リカバリーを果たす絶好のチャンスが思わぬ形でめぐってきた。作品とともに図録を期待していたのだが、これは叶わなかった。そのかわり、出口のところにNHK出版が刊行しているテーマ毎のコンパクト本(950円)を販売していた。なかなか商売が上手い。一般の図録と違ってやきものや工芸品を見るポイントが平易に解説してあるので、すっすと頭の中にはいる。見逃したものだけでなく、すでにみてよく覚えているものについても活字によりさらに理解を深めるのも悪くないなと思い、数冊購入した。

今回、鑑賞の“ツボ”を指南してくれるのは、
★古伊万里 染付
★アールヌーヴォーのガラス
★魯山人の器&織部焼
★根付&櫛
★掛け軸入門 表具
★切子
★藍染め
★江戸の文様
★友禅
★唐津焼

数えてみると“アールヌーヴォー”、“魯山人”など見逃したほうが多かった。展示品は番組で紹介されたものだが、このなかに感激の作品がいくつかあった。緑色の薩摩切子と上のドームのガラス作品。サントリー美で美しい青や赤の薩摩切子を沢山みたが、緑色はなかった。解説によると、番組のあとでてきたこの緑色の切子は少し大きい赤色とセットでつくられたらしい。これが一番の収穫だった。

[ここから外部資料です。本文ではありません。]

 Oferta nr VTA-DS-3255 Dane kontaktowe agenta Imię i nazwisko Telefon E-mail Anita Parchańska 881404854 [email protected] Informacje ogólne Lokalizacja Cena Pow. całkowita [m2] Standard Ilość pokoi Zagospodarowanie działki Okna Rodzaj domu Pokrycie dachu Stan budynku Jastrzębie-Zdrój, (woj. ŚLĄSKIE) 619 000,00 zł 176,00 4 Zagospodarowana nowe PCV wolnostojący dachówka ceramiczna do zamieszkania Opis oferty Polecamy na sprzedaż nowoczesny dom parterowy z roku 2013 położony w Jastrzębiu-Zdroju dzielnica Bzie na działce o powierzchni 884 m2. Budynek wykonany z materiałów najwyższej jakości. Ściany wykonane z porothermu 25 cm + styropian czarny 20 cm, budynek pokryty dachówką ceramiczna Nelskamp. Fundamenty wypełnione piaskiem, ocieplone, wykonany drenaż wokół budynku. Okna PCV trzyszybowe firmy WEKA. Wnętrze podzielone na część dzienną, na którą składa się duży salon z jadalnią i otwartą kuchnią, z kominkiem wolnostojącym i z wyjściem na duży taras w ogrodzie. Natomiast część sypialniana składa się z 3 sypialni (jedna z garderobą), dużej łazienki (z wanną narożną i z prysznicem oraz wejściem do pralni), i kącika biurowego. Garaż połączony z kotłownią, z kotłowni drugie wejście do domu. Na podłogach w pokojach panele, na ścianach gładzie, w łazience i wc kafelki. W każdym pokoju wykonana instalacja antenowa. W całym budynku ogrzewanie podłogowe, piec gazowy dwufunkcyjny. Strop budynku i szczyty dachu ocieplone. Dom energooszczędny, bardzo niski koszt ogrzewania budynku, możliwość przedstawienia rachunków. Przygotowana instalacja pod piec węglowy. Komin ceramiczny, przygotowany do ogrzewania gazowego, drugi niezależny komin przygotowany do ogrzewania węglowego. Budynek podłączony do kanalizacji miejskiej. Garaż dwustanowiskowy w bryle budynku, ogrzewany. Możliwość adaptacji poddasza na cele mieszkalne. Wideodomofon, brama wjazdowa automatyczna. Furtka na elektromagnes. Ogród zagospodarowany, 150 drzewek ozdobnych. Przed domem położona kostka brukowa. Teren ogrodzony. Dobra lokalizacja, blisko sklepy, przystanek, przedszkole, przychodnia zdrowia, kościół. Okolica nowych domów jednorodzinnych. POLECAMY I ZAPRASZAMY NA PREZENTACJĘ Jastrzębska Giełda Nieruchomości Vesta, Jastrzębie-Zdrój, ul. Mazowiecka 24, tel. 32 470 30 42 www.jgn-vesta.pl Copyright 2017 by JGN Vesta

北澤美術館所蔵のドーム作品にものすごく惹きこまれた。買い込んだアールヌーヴォー本には“小品でドームに並ぶものなし”とあったが、この青い忘れな草と蜻蛉の柄の花器をみるとその通りだなと思う。余白をたっぷりとり対象を繊細に描写する作風は日本人の感性に合い通じるものがある。北澤美にはまだまだいいドームの作品がありそうなので、来年あたりまた諏訪湖を訪問したくなった。

下は番組一回目のテーマ“古伊万里”に登場した柿右衛門様式の“色絵・松竹梅文皿”。これは有田へ行ったとき九州陶磁文化館でお目にかかった。濁手(にごして)と呼ばれるあたたかみを感じる白の素地が赤、黄色、青、緑の上絵で描かれた鳥と松竹梅の文様を引き立てている。中国の白磁はちょっと冷たい感じがするが、この白は日本人の好みに合っている。

米のとぎ汁に近い日本オリジナルの乳白色の素地を試行錯誤の上、完成させたのが酒井田柿右衛門。よくやきものの展覧会で柿右衛門様式を写したマイセンの作品をみることがあるが、やはり本家のほうが一枚も二枚も上。11年ぶりにみる柴田コレクションの名品に感無量だった。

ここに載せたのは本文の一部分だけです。